Using ULMFit Transfer Learning for text classification for multiple classes

vladgets · November 1, 2019, 10:19pm

In the course examples of Sentiment classification, it was always classification for 2 classes (Positive and Negative ones), which usually brought quite good results of 90 percent accuracy or higher.
I wonder how much the accuracy decrease if we need to classify texts for multiple classes, like 5 or more and not only for 2 classes?
Are there such examples using ULMFit Transfer learning?

Another question: What is the estimation for an order of magnitude for minimal number of examples to be able to train our system for classification? Movie Sentiments are using 50K examples (together for training and testing), can we succeed with much less?
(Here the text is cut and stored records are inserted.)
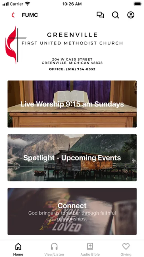 This app will help you stay connected with the day-to-day life of our church. With this app you can: watch or listen to past messages; stay up to date with push notifications; share your favorite messages via Twitter, Facebook, or email; and download messages for offline listening.
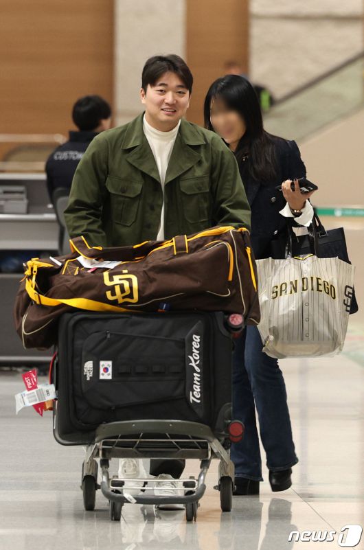(인천공항=뉴스1) 신웅수 기자 = 메이저리그(MLB) 샌디에이고 파드리스와 계약한 고우석이 6일 오전 인천국제공항 2터미널을 통해 귀국하고 있다. 고우석은 지난해 LG 트윈스의 한국시리즈 우승을 이끈 뒤 메이저리그 진출을 타진했고 지난 4일 샌디에이고와 2+1년, 최대 940만달러(약 123억원) 계약을 체결했다. 2024.1.6/뉴스1
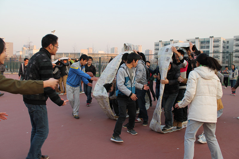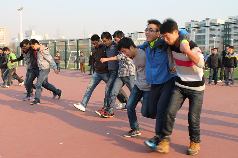 在此次比赛中,主办方电子11-1班各班委有条不紊的指挥赛场秩序,同学们积极参与其中。 “袋鼠夹球”游戏最引人注目,不少同学奇思妙想出多种创新花样,进行接力时,团队需要默契的合作来成功完成比赛,比赛不仅考验同学们的速度,更重要的是队伍之间的协调能力。未参赛的同学在赛场外加油鼓劲,比赛在热烈的氛围中有序进行。同时,为准备“无敌风火轮”的游戏,同学们团结一致收集了许多废旧报纸,废物回收利用也成为此次比赛的一大亮点。此次趣味运动会的几个项目,考察员工的运动技巧、速度与协调能力,天气虽冷,却抵挡不住同学们参赛的热情。

muellerzr · November 1, 2019, 10:41pm

I did a news bias detector that involved 11 classes. I got about 93% accuracy. It depends on the dataset really. And what you want to do with it.

I want to say my dataset was about 5k rows due to the amount I could load on the GPU/CPU at the time

vladgets · November 2, 2019, 11:44pm

Thanks for the reply.
Do you mean that you succeed to classify 11 different type of news with 93% accuracy?
I think it is great achievement, a way beyond of the current state of the art.

What do you mean by 5K rows? Did you have 5000 examples of annotated news articles? For 11 classes together?

muellerzr · November 2, 2019, 11:56pm

Thank you! Yes, it was a toy problem I made in 48 hours. Plenty of improvement could be made. I had the raw text of 5,000 news articles each with one label.

avatar · November 3, 2019, 1:53am

Check this

github.com

pradeepthiyyagura/DDSUG_Oct19/blob/master/Demo of 20 News group classification at DDSUG October 2019.ipynb

{
 "cells": [
  {
   "cell_type": "markdown",
   "metadata": {},
   "source": [
    "# News Group Classification"
   ]
  },
  {
   "cell_type": "markdown",
   "metadata": {},
   "source": [
    "The following notebook is based on code from a [fast.ai MOOC Lesson3](https://course.fast.ai/videos/?lesson=3). \n",
    "It was presented at the [2019 October Desert Data Science User Group](https://www.meetup.com/Desert-Data-Science-User-Group/events/265691365/)"
   ]
  },
  {
   "cell_type": "code",
   "execution_count": 1,

This file has been truncated. show original

muellerzr · November 3, 2019, 2:06am

Interesting! A different dataset than i wound up using, but cool!